A questão é que os EUA apoiava Israel por ser o berço da religião oficial americana, já a religião praticada na palestina é o islamismo, em quase toda sua totalidade. A Palestina é apoiada pelo ditador Bastar Al-Assad, pelos países comunistas e potências como Rússia e China e é território de atuação também da milícia libanesa Hezbollah.

A nova América se afastou da Turquia, que tinha fortes alianças e foi patrocinar a milícia inimiga dos turcos, uma milícia islâmica curda batizada de PKK que se tornou um exército poderoso na Síria ocupando territórios que antes eram controlados por rebeldes ao regime de Bashar Alassad e pelo ISIS.

Ao mesmo tempo que a nova América deixa de apoiar países cristãos ou laicos, também demonstra repulsa por mussulmanos naturalizados americanos que vivem em seu território. Trump demoniza imigrantes e promete expulsá-los de suas terras.

Um prenúncio de que esta nova era será de muitos inimigos que poderão se tornar históricos daqui pra frente.

Novas alianças

Tomando como partida os elogios mútuos trocados entre Trump ao líder russo Vladimir Putin, a confirmação de que a inteligência russa alterou o resultado das eleições americanas favorecendo seu candidato predileto, que promete em troca um longo período de trégua e parcerias, percebes-se que a Rússia deu o maior golpe político da história moderna.
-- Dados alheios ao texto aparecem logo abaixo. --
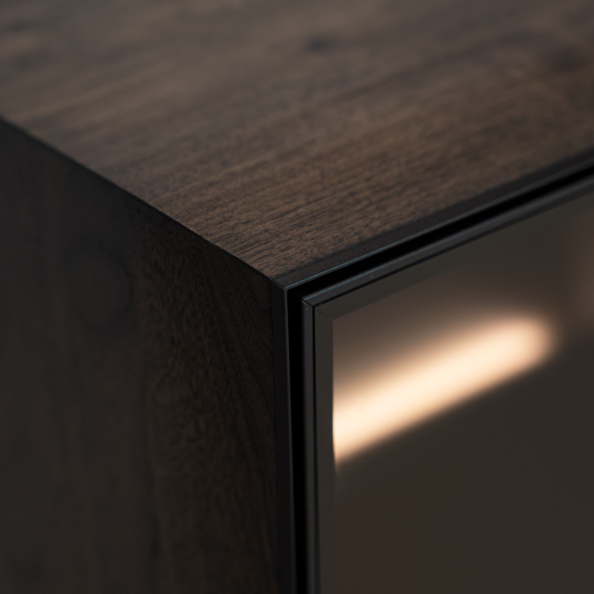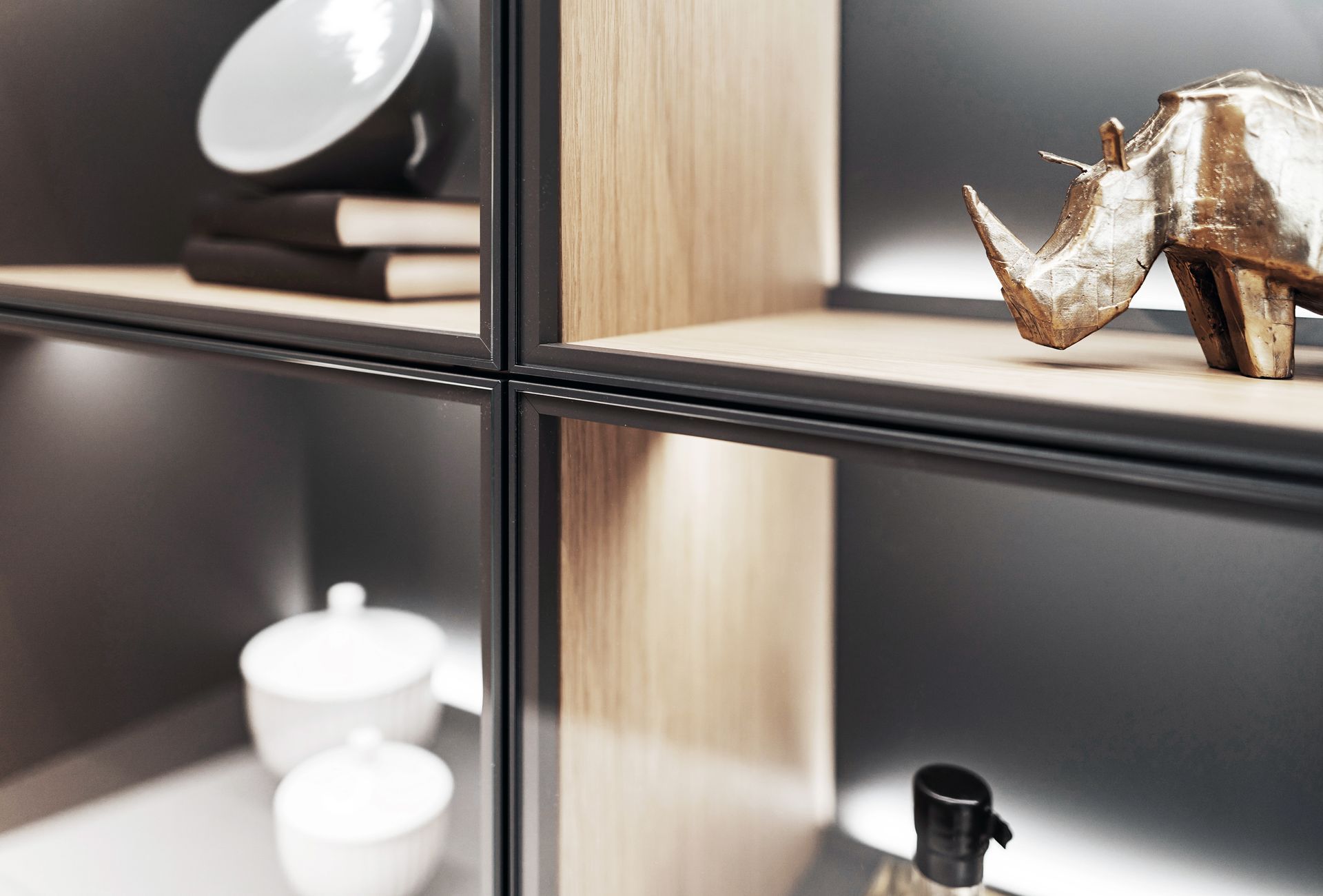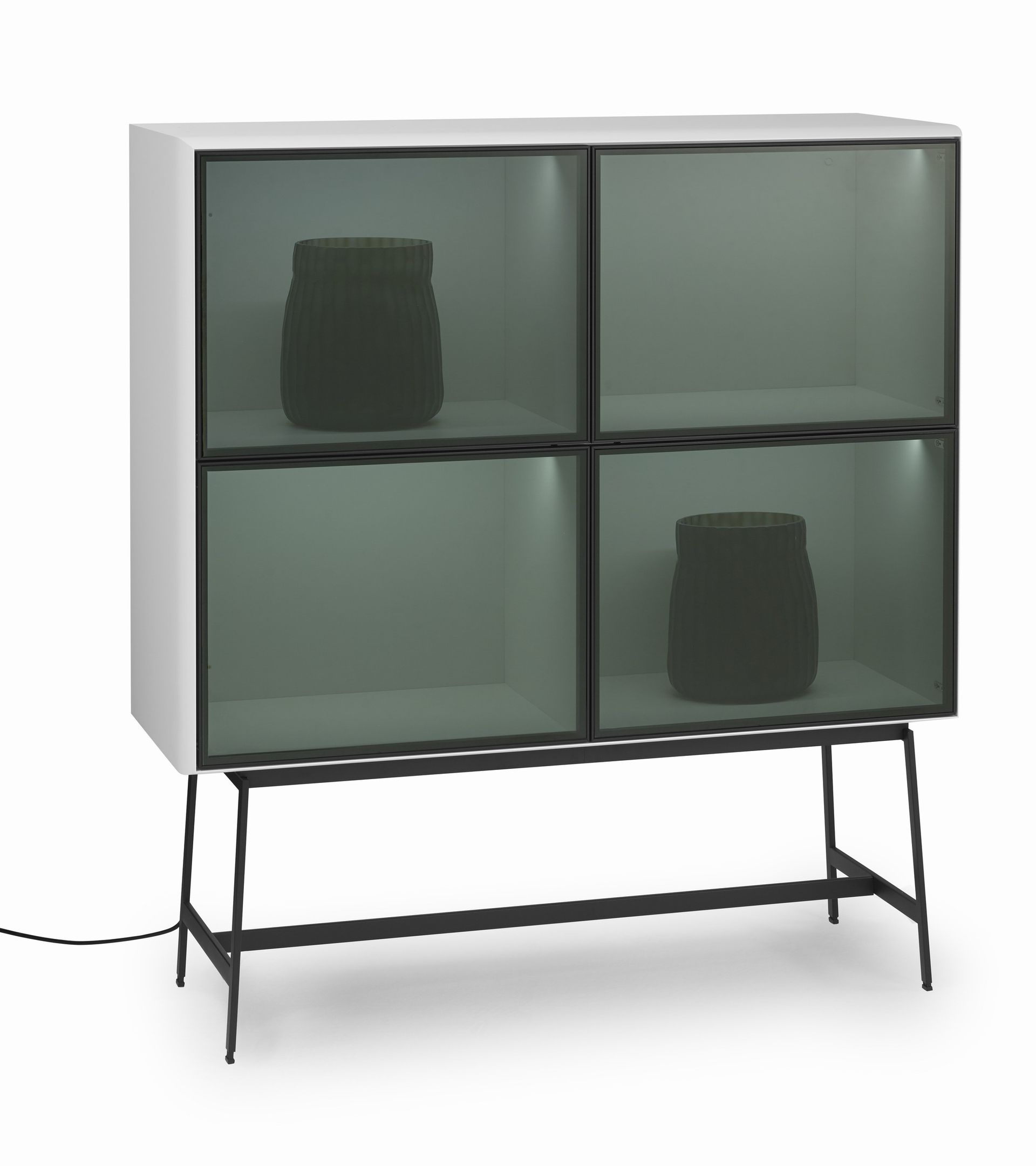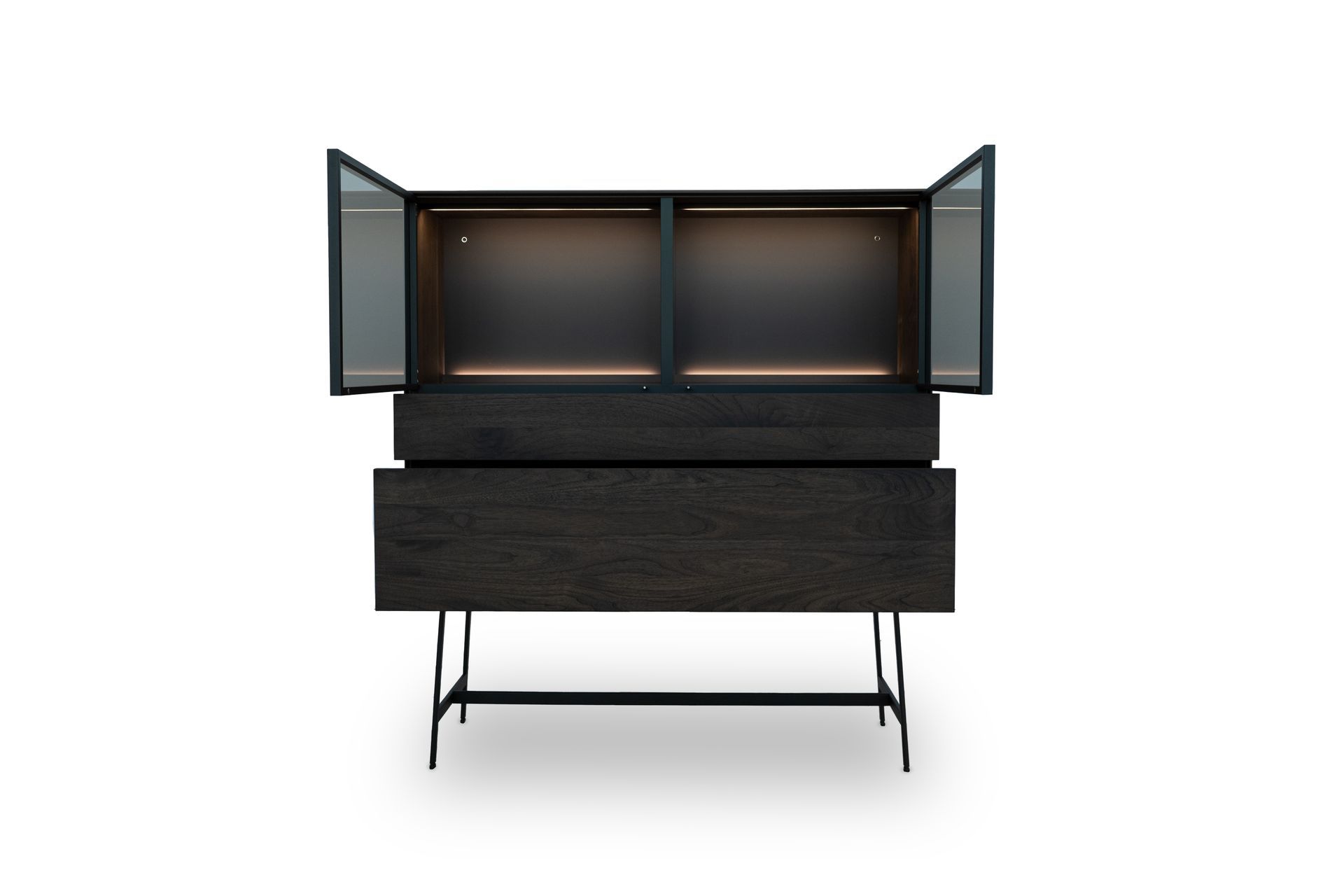 The solitaire display case offer individually suitable variation options for different uses. Four glass-framed doors offer space for the presentation of favorite pieces, two glass-framed doors and two drawers or two hinged doors as an exciting combination of showcase and storage space.

Ninguém poderia imaginar que sua proposta de inserir "presidentes laranja" anunciada em 2013, poderia se dar na vida de seu mais poderoso rival, os Estados Unidos da América.

A inteligência de Putin é elogiada em toda Rússia, inclusive pelo novo presidente americano.

O que torna os Estados Unidos um país candidato a cair de posição na lista das maiores potências mundiais, onde por muitas décadas figurou como o número 1.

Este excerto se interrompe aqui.